[Start of Attachment]

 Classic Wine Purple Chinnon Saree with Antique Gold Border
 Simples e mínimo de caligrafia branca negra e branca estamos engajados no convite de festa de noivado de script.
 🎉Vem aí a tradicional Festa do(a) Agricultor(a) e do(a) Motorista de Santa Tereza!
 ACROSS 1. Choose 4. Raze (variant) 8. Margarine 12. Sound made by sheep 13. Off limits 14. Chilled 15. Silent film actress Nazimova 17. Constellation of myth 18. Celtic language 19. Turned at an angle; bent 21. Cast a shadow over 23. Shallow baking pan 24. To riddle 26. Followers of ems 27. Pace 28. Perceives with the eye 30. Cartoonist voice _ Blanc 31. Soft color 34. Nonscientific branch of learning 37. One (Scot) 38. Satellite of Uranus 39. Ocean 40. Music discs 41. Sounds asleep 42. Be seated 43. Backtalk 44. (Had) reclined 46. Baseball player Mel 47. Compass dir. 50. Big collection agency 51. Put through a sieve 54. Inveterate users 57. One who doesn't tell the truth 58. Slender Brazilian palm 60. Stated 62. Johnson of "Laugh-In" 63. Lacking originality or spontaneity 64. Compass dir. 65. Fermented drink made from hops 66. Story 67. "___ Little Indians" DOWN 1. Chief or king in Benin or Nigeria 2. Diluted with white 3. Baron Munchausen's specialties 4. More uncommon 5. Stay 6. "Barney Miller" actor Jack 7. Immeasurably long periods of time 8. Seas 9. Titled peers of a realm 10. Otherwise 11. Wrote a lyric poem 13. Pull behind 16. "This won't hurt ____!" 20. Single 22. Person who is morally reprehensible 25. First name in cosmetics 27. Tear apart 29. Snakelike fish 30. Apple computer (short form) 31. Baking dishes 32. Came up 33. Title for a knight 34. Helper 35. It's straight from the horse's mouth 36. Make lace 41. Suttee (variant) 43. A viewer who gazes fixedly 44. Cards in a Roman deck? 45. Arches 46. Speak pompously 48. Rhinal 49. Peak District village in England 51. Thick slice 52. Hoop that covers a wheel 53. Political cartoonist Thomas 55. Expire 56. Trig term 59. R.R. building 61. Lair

[End of Attachment]

▶ **DESCRIPTION OF THE TASK**
Transcribe the data word for word.

▶ **TASK RESULT**
 Classic Wine Purple Chinnon Saree with Antique Gold Border
 Simples e mínimo de caligrafia branca negra e branca estamos engajados no convite de festa de noivado de script.
 🎉Vem aí a tradicional Festa do(a) Agricultor(a) e do(a) Motorista de Santa Tereza!
 ACROSS 1. Choose 4. Raze (variant) 8. Margarine 12. Sound made by sheep 13. Off limits 14. Chilled 15. Silent film actress Nazimova 17. Constellation of myth 18. Celtic language 19. Turned at an angle; bent 21. Cast a shadow over 23. Shallow baking pan 24. To riddle 26. Followers of ems 27. Pace 28. Perceives with the eye 30. Cartoonist voice _ Blanc 31. Soft color 34. Nonscientific branch of learning 37. One (Scot) 38. Satellite of Uranus 39. Ocean 40. Music discs 41. Sounds asleep 42. Be seated 43. Backtalk 44. (Had) reclined 46. Baseball player Mel 47. Compass dir. 50. Big collection agency 51. Put through a sieve 54. Inveterate users 57. One who doesn't tell the truth 58. Slender Brazilian palm 60. Stated 62. Johnson of "Laugh-In" 63. Lacking originality or spontaneity 64. Compass dir. 65. Fermented drink made from hops 66. Story 67. "___ Little Indians" DOWN 1. Chief or king in Benin or Nigeria 2. Diluted with white 3. Baron Munchausen's specialties 4. More uncommon 5. Stay 6. "Barney Miller" actor Jack 7. Immeasurably long periods of time 8. Seas 9. Titled peers of a realm 10. Otherwise 11. Wrote a lyric poem 13. Pull behind 16. "This won't hurt ____!" 20. Single 22. Person who is morally reprehensible 25. First name in cosmetics 27. Tear apart 29. Snakelike fish 30. Apple computer (short form) 31. Baking dishes 32. Came up 33. Title for a knight 34. Helper 35. It's straight from the horse's mouth 36. Make lace 41. Suttee (variant) 43. A viewer who gazes fixedly 44. Cards in a Roman deck? 45. Arches 46. Speak pompously 48. Rhinal 49. Peak District village in England 51. Thick slice 52. Hoop that covers a wheel 53. Political cartoonist Thomas 55. Expire 56. Trig term 59. R.R. building 61. Lair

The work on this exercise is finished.